I have no idea what caused this. However, I think (on very little
inspection, but it's consistent with problems I have with 4.5 on my
laptop) that the first one is an *incorrect* fix for a regression in
4.5 and the second is a correct fix for the same regression. 4.6-rc1
seems okay.

I reported the regression and everyone involved has known about it for
weeks. Nonetheless, 4.5 final is busted.

Can you please:

a) figure out what happened and send a backport of whatever needs to
be backported to [email protected].

b) do whatever needs to be done so this doesn't happen again

c) teach the i915 CI system to test Linus' tree as-is in addition to
the development trees. Linus' tree and the versions of i915 in actual
released versions of Linux are supposed to work.

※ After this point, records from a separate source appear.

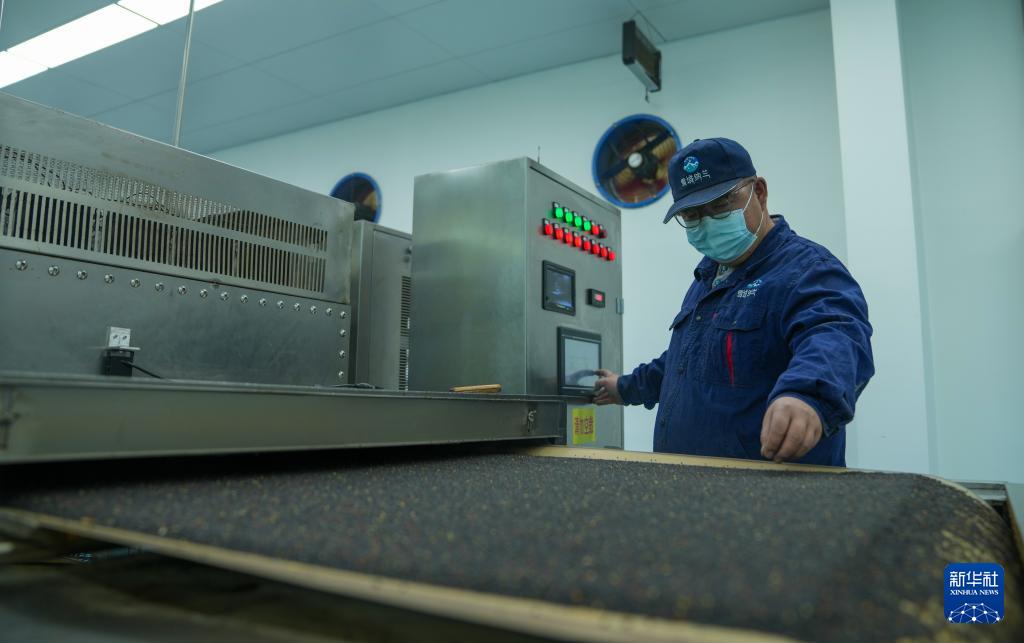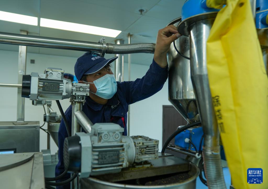 西藏山南市扎囊縣重點(diǎn)招商引資企業(yè)——西藏納蘭生態(tài)產(chǎn)業(yè)有限公司工作人員操作微波烘烤設(shè)備制作食用油(3月17日攝)。
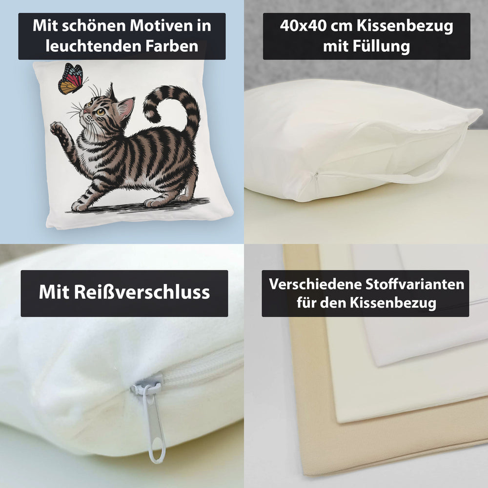 Katze mit Schmetterling Kissen für Tierliebhaber
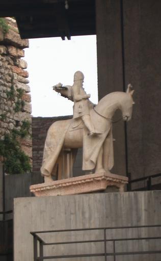 | Keywords: VeronaCastelvecchioStatuaEquestreCangrande.jpg Verona Castelvecchio museum equestrian statue of Cangrande della Scala La statua equestre di Cangrande della Scala proveniente dalla Arche scaligere di Verona oggi conservata presso il Museo di Castelvecchio a Verona own original text Self made photo 1 2006-10 MM Statue of Cangrande della Scala Verona |
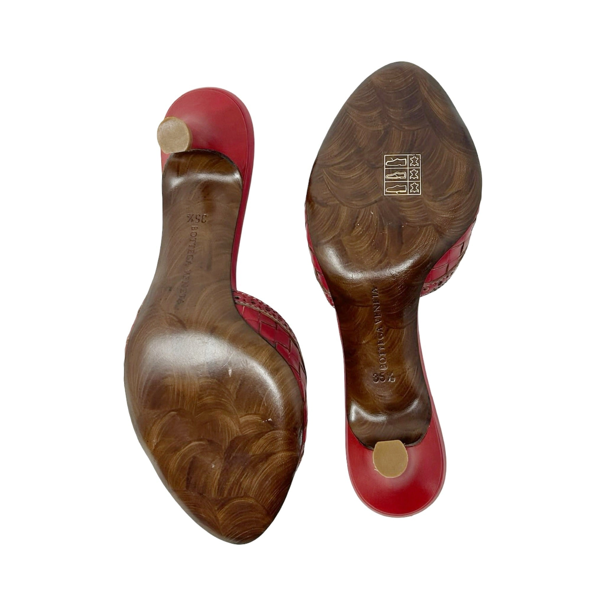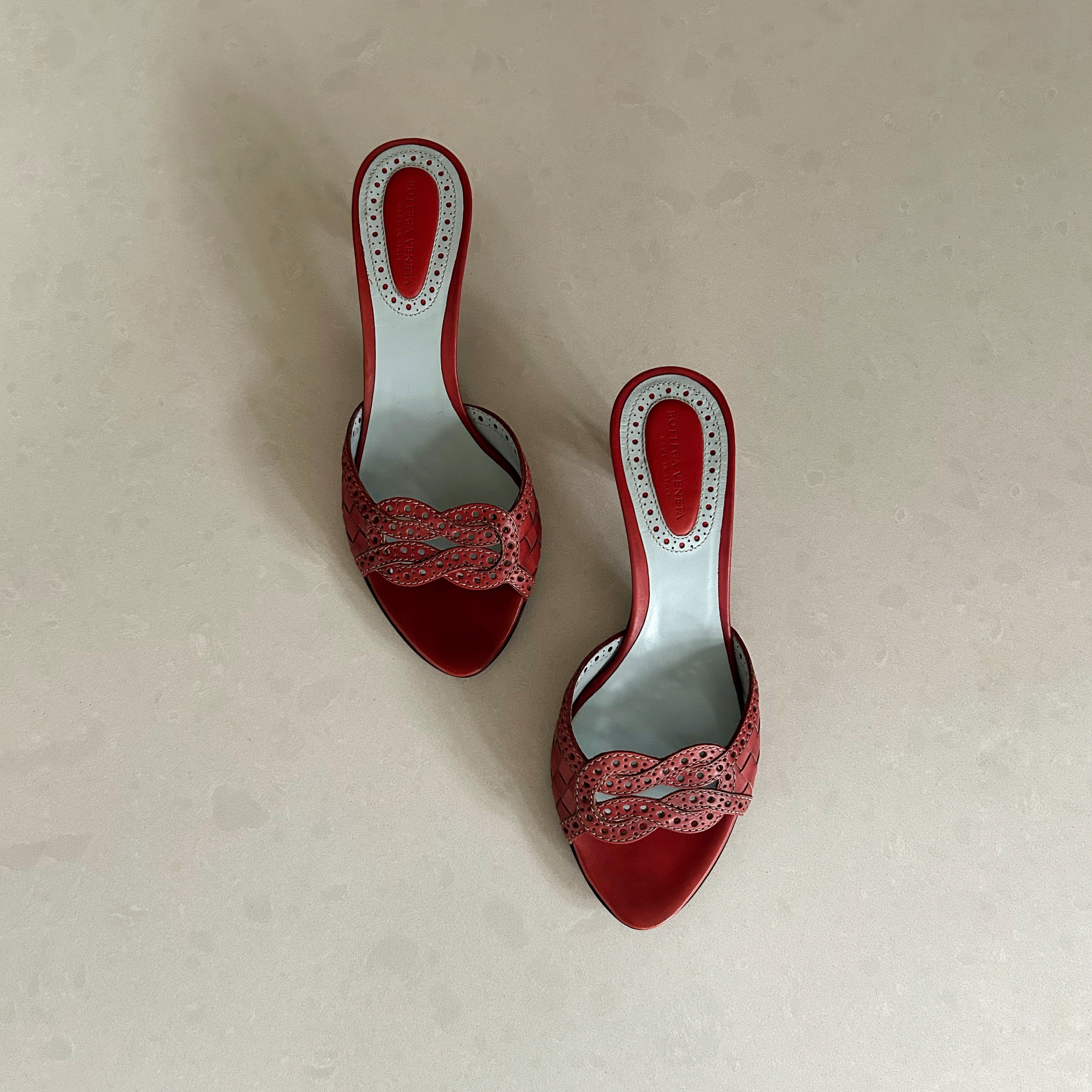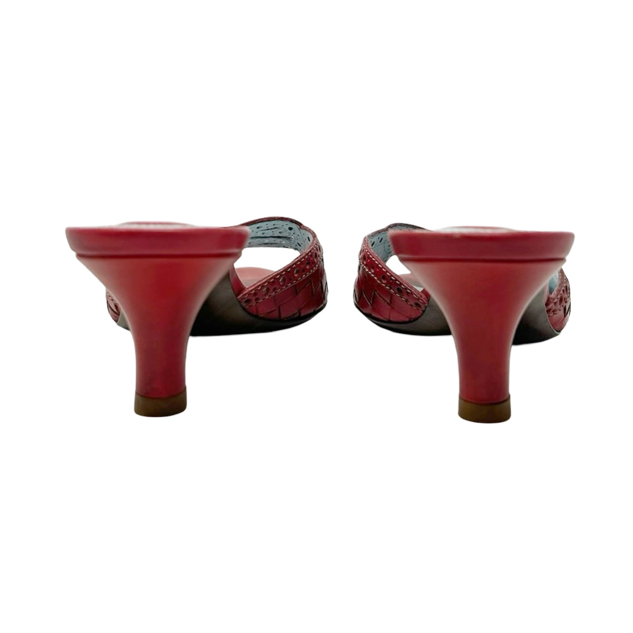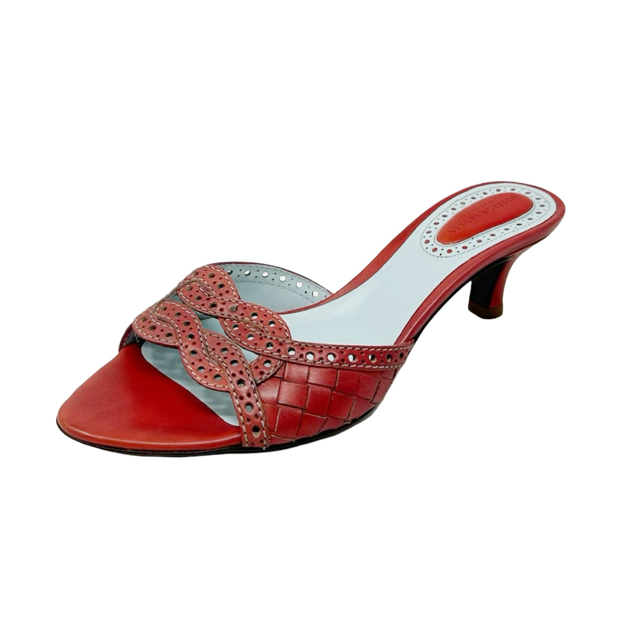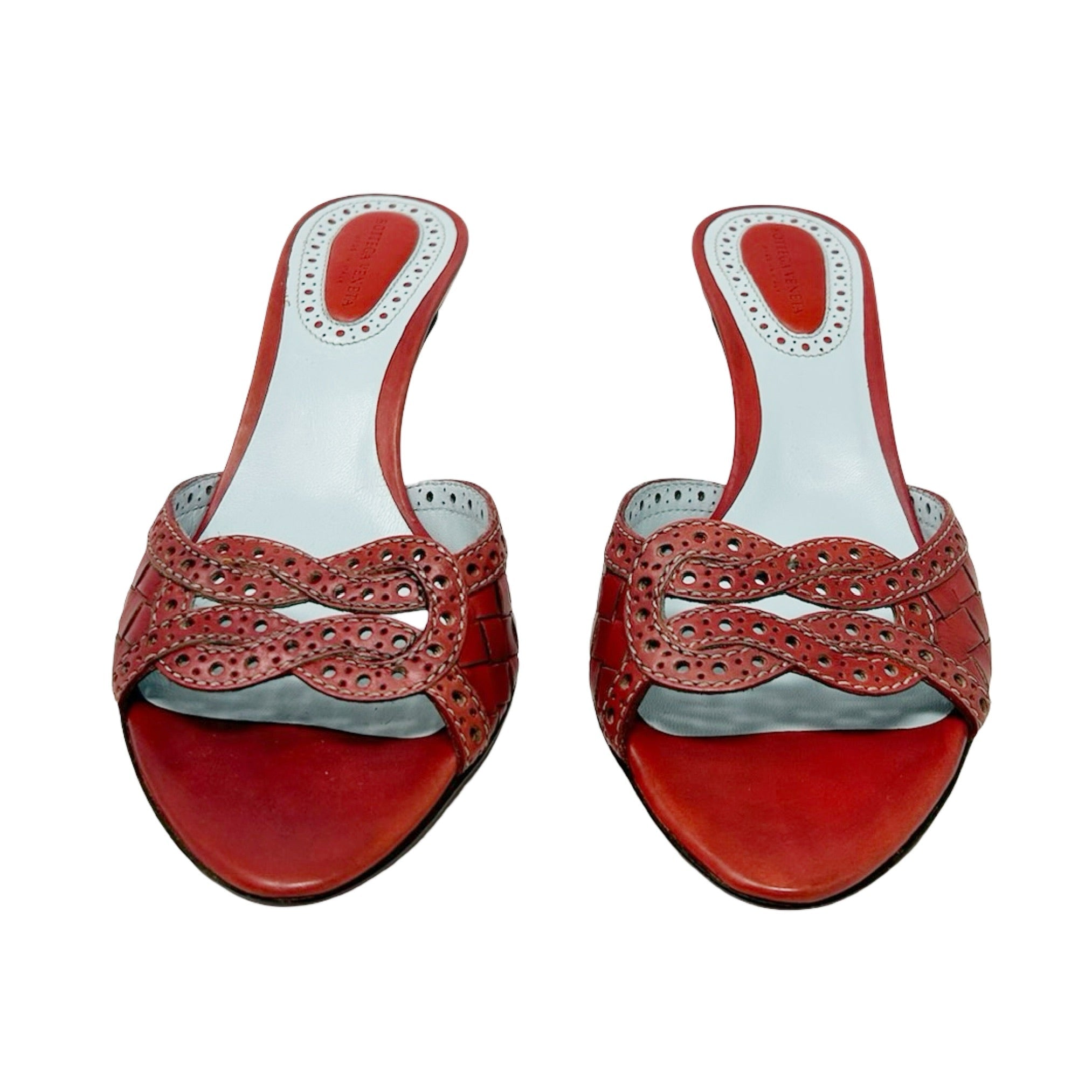 Description - Early 2000's red leather Bottega Veneta Intrecciato weave sandals with semi-pointed toes, baby blue leather insoles, white whipstitch trim; punched embellishments throughout leather, covered tonal heels, and woven knot detail at toe.
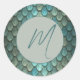 Custom initial blue scales textured classic round sticker
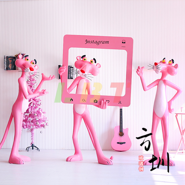 玻璃钢卡通粉红豹雕塑
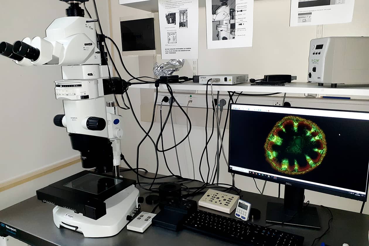 - Macroscope MVX10 (Evident, Olympus) pour l’observation de grands champs en couleur et fluorescence,
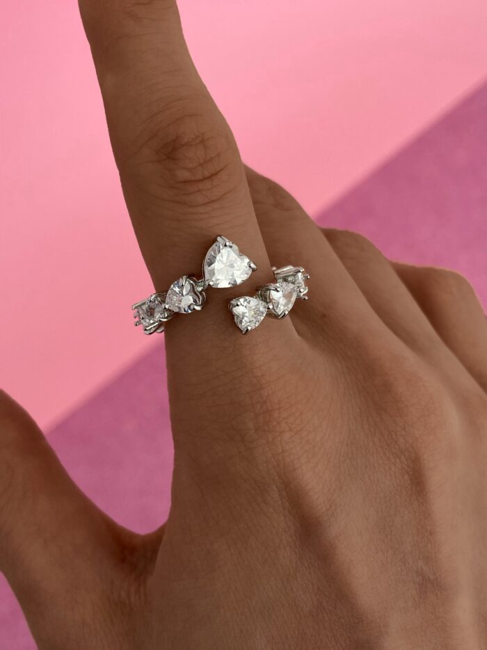 In Love Seri Zirkon Taşlı Kalp Tasarım Gümüş Ayarlanabilir Yüzük

I hate to nag, but this is at least the third time I've noticed weird
release management issues in i915. I tripped on a regression a few
releases ago that was known to the i915 team and fixed but the fix
wasn't actually queued up for the current release. Before that, I
tripped on a regression caused by an intentional behavior change that
was folded in to a merge commit, making it essentially impossible to
bisect and making it pointlessly hard to understand what was going on
even once I found the offending code.

Thanks,
Andy


2016-03-29 07:43:26

by Daniel Vetter

[permalink] [raw]
Subject: Re: i915 4.5 bugfix backport and release management issue?

On Tue, Mar 29, 2016 at 4:39 AM, Andy Lutomirski <[email protected]> wrote:
> AFAICT something got rather screwed up in i915 land for 4.5.
>
> $ git log --oneline --grep='Pretend cursor is always on' v4.5
> drivers/gpu/drm/i915/
> e2e407dc093f drm/i915: Pretend cursor is always on for ILK-style WM
> calculations (v2)
>
> $ git log --oneline --grep='Pretend cursor is always on' v4.6-rc1
> drivers/gpu/drm/i915/
> e2e407dc093f drm/i915: Pretend cursor is always on for ILK-style WM
> calculations (v2)
> b2435692dbb7 drm/i915: Pretend cursor is always on for ILK-style WM
> calculations (v2)
>
> The two patches there are almost, but not quite, the same thing, which
> makes me wonder how they both ended up in Linus' tree without an
> obvious merge conflict.
>
> I have no idea what caused this. However, I think (on very little
> inspection, but it's consistent with problems I have with 4.5 on my
> laptop) that the first one is an *incorrect* fix for a regression in
> 4.5 and the second is a correct fix for the same regression. 4.6-rc1
> seems okay.
>
> I reported the regression and everyone involved has known about it for
> weeks. Nonetheless, 4.5 final is busted.

Quoting from e2e407dc093f

"(cherry picked from commit b2435692dbb709d4c8ff3b2f2815c9b8423b72bb)"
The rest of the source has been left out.